Frequently asked questions

What is a long put on MORT?
A long put on MORT is the long put strategy applied to MORT (etf). The strategy is structurally bearish: A long put buys downside exposure with a fixed maximum loss equal to the premium paid; profit accrues if the underlying closes below the strike minus premium at expiration. With MORT etf trading near $10.02, the strikes shown on this page are snapped to the nearest listed MORT chain strike and the premiums come straight from the end-of-day bid/ask midpoint.
How are MORT long put max profit and max loss calculated?
Max profit equals the strike minus premium times 100 (reached at zero); max loss equals the premium times 100. Breakeven is strike minus premium. For the MORT long put priced from the end-of-day chain at a 30-day expiry (ATM IV 448.90%), the computed maximum profit is unbounded per contract and the computed maximum loss is unbounded per contract. Live intraday quotes will differ as the chain moves through the trading session.
What is the breakeven for a MORT long put?

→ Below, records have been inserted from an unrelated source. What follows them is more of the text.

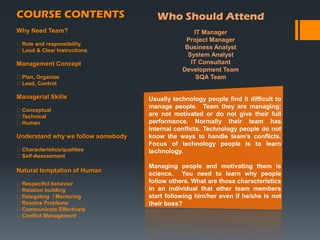 The document outlines a training program focused on team management skills specifically tailored for IT professionals, addressing challenges like conflict management and motivation within technology teams. It highlights the qualifications of trainer Mr. Asad Ur Rehman, who brings over 24 years of experience in managing IT projects and teams. The course is scheduled for March 22, 2014, in Karachi, with fees and discount options provided for early and group registrations.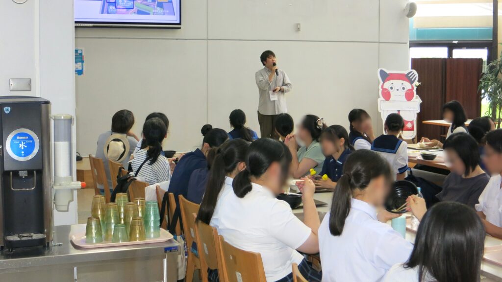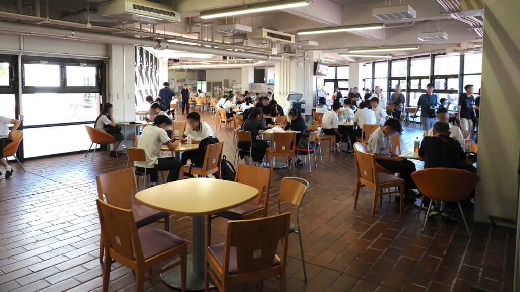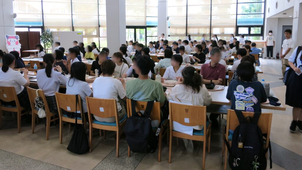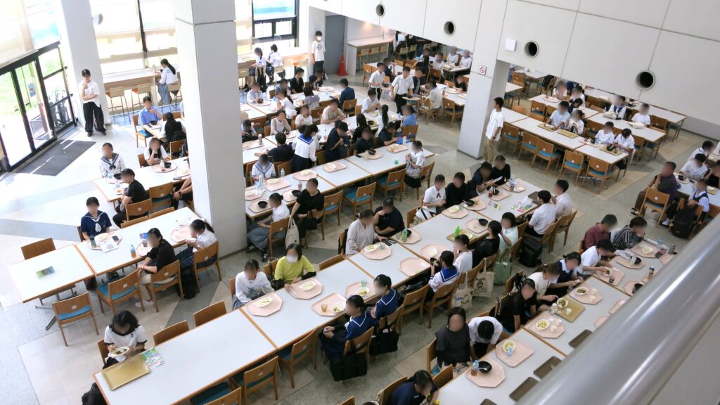 お昼には大学会館1階の学生食堂で、学食を体験していただきました。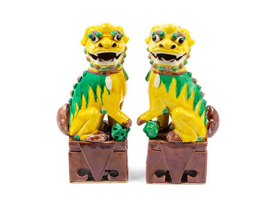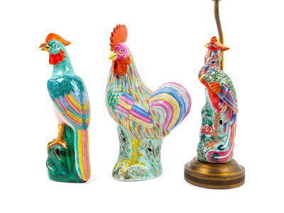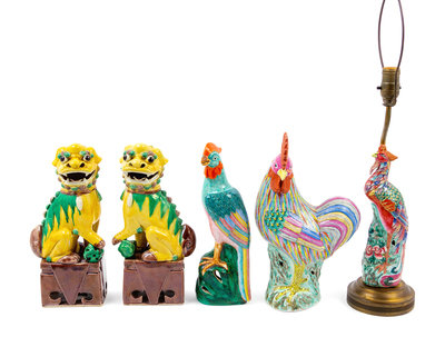 comprising a famille rose figure of a rooster, a famille rose figure of a pheasant, a pair of sancai glazed figures of fu lions, and a famille rose figure of phoenix mounted as a lamp.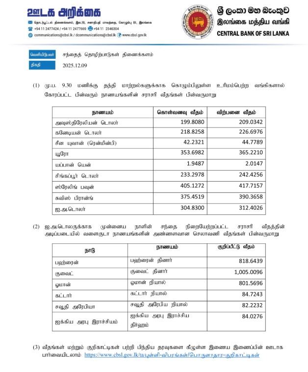 இலங்கை மத்திய வங்கி இன்று செவ்வாய்க்கிழமை (09) வெளியிட்டுள்ள நாணயமாற்று விகிதத்தின் அடிப்படையில் அமெரிக்க டொலரின் கொள்வனவு விலை ரூபா 312.4026 ஆகவும் விற்பனை விலை ரூபா 304.8300 ஆகவும் பதிவாகியுள்ளமை குறிப்பிடத்தக்கது.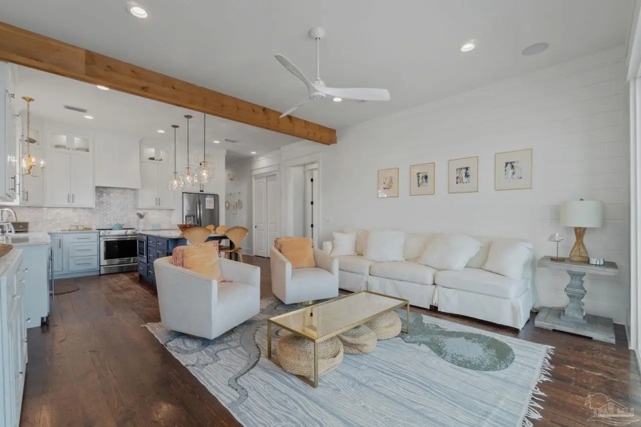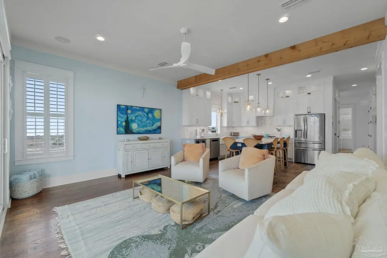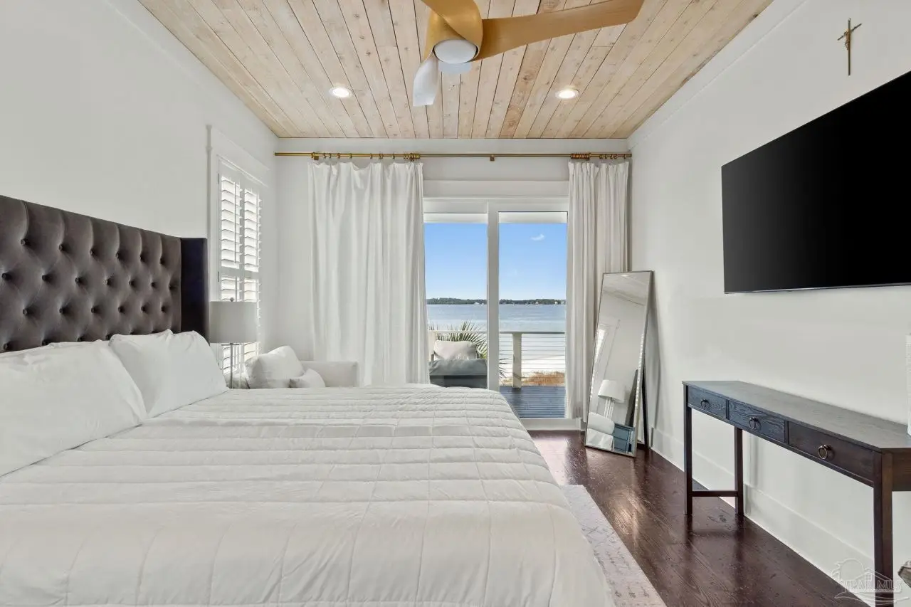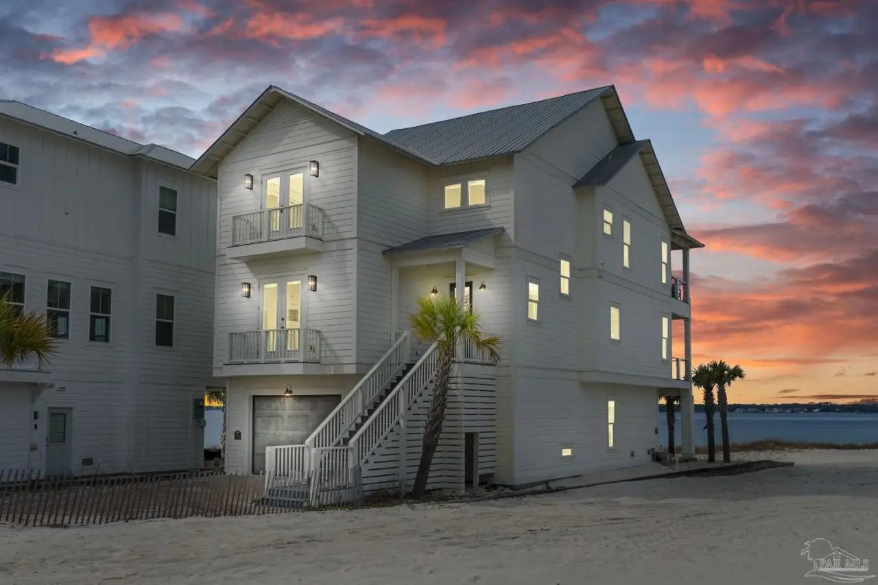 Experience the beauty of Sound-front living in this exceptional Navarre Beach retreat. Perfectly positioned within the private gated community of By the Sea, this custom-built home captures the best of coastal life with over 110 feet of direct waterfront, serene views across the Santa Rosa Sound, and effortless access to the Gulf-just a short stroll or golf cart ride away. Inside, soaring ceilings and wide-plank distressed pine floors create a warm, open feel that complements the coastal surroundings. The home features five bedrooms, each with its own ensuite bath, plus an additional half bath. Two spacious primary suites-one on the main floor and another upstairs-offer peaceful water views, soaking tubs, seamless glass showers, and double vanities. Large windows and glass doors flood the living spaces with natural light and open to covered balconies overlooking the Sound, creating a seamless flow between indoor and outdoor living. The kitchen and main living area are designed for gathering, featuring quartz and marble countertops, soft-close cabinetry, whitewashed cedar accents, and shiplap details. Enjoy the convenience of whole-home audio and video with WiFi control, custom window treatments, and refined lighting throughout. On the top floor, a flexible bonus room with a trundle bed adds extra sleeping space for guests, while a half bath in the garage provides added convenience for beach days. Sold fully furnished with high-end decor (with limited exclusions), the home is ready to enjoy from day one. Outside, flagstone pathways lead to your private stretch of Sound-front beach-perfect for kayaking, paddleboarding, or simply unwinding as the sun sets over the water. The By the Sea community also offers a pool and hot tub for owners and guests. Thoughtfully designed and impeccably maintained, 1464 Seaside Circle is more than a home-it's a rare opportunity to experience the laid-back luxury and natural beauty that define life on Navarre Beach.

The breakeven for the MORT long put priced on this page is no defined breakeven on the modeled curve at expiration, derived from end-of-day chain premiums. Breakeven is the underlying price at which the strategy's P&L crosses zero ignoring transaction costs and assignment risk. The current MORT market-implied 1-standard-deviation expected move is approximately 128.70%; if the move sits well outside the breakeven distance, the structure's risk-reward becomes correspondingly tighter.

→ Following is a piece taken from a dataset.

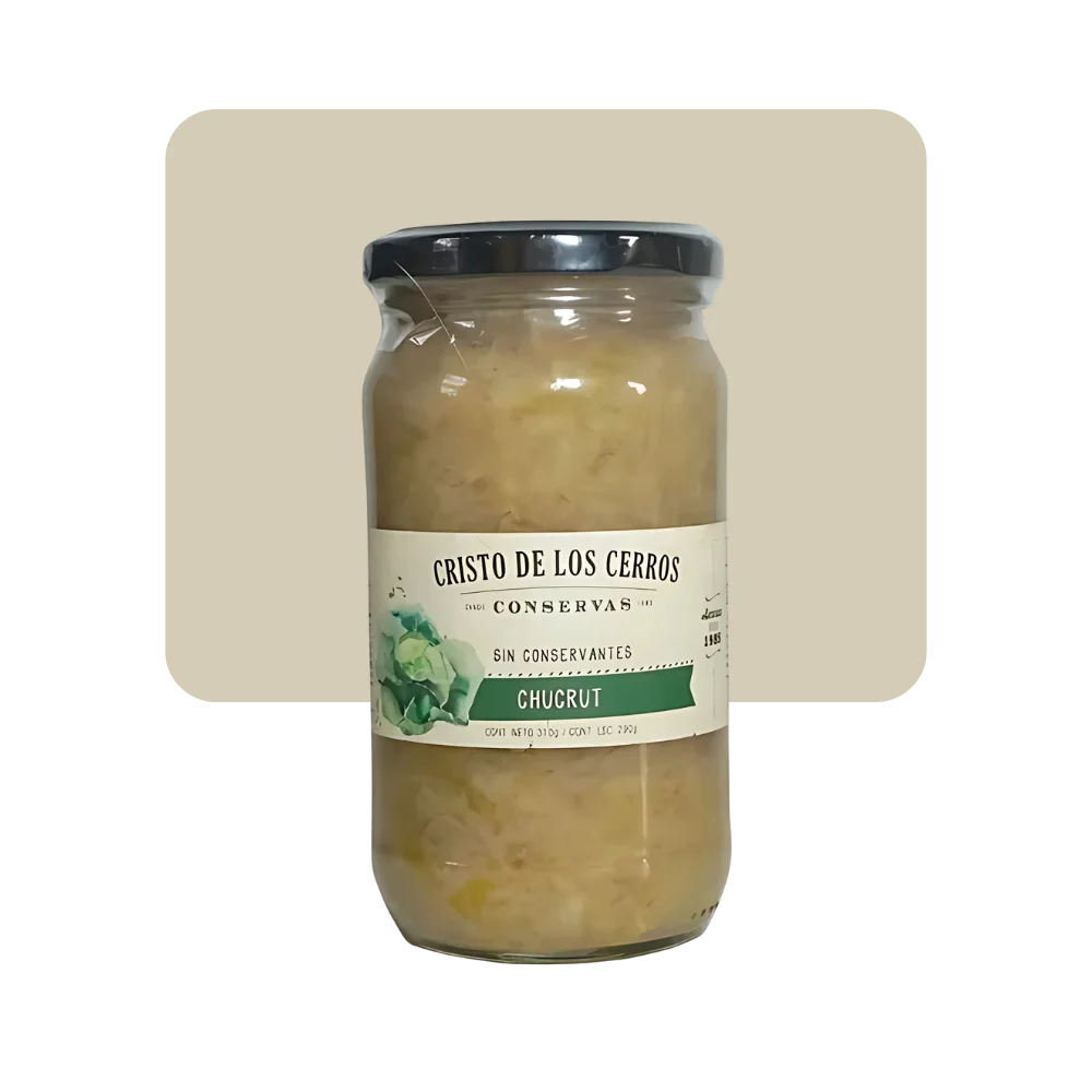 Cristo de los Cerros elabora conservas y encurtidos desde 1985. El chucrut se utiliza principalmente como guarnición, aunque también podemos incorporarlo como un entrante tibio o como parte de un plato combinado. Es típico de la comida alemana, por lo que queda muy bien con carnes, como salchichas, chuletas de cerdo y panceta. También lo podés comer con proteínas vegetales, como tofu, o ensaladas (puede ser de remolacha, queso, salmón y chucrut)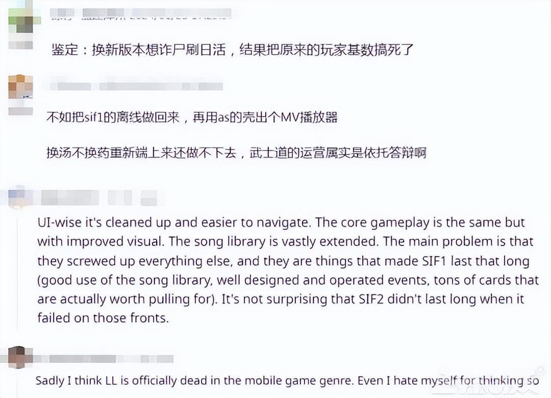 有國外網友評論說,雖然二代在UI設計和視聽效果上比一代提高了很多,曲庫也大大滴增加了,但是運營真不行,把一切都搞砸了。有悲觀網友感慨,雖然我自己都沒法接受這個現實,但是不得不說《學園偶像祭》的時代結束了。

When should you consider a long put on MORT?
Long puts on MORT hedge an existing long MORT etf position or express a bearish view with defined risk; position sizing typically scales the put notional to the underlying MORT exposure being hedged.
How does current MORT implied volatility affect this long put?
MORT ATM IV is at 448.90% with IV rank near 100.00%, which is elevated relative to its 1-year range. Premium-selling structures (covered call, cash-secured put, iron condor) generally look more attractive when IV rank is high; premium-buying structures (long call, long put, debit spreads) are more expensive in that regime.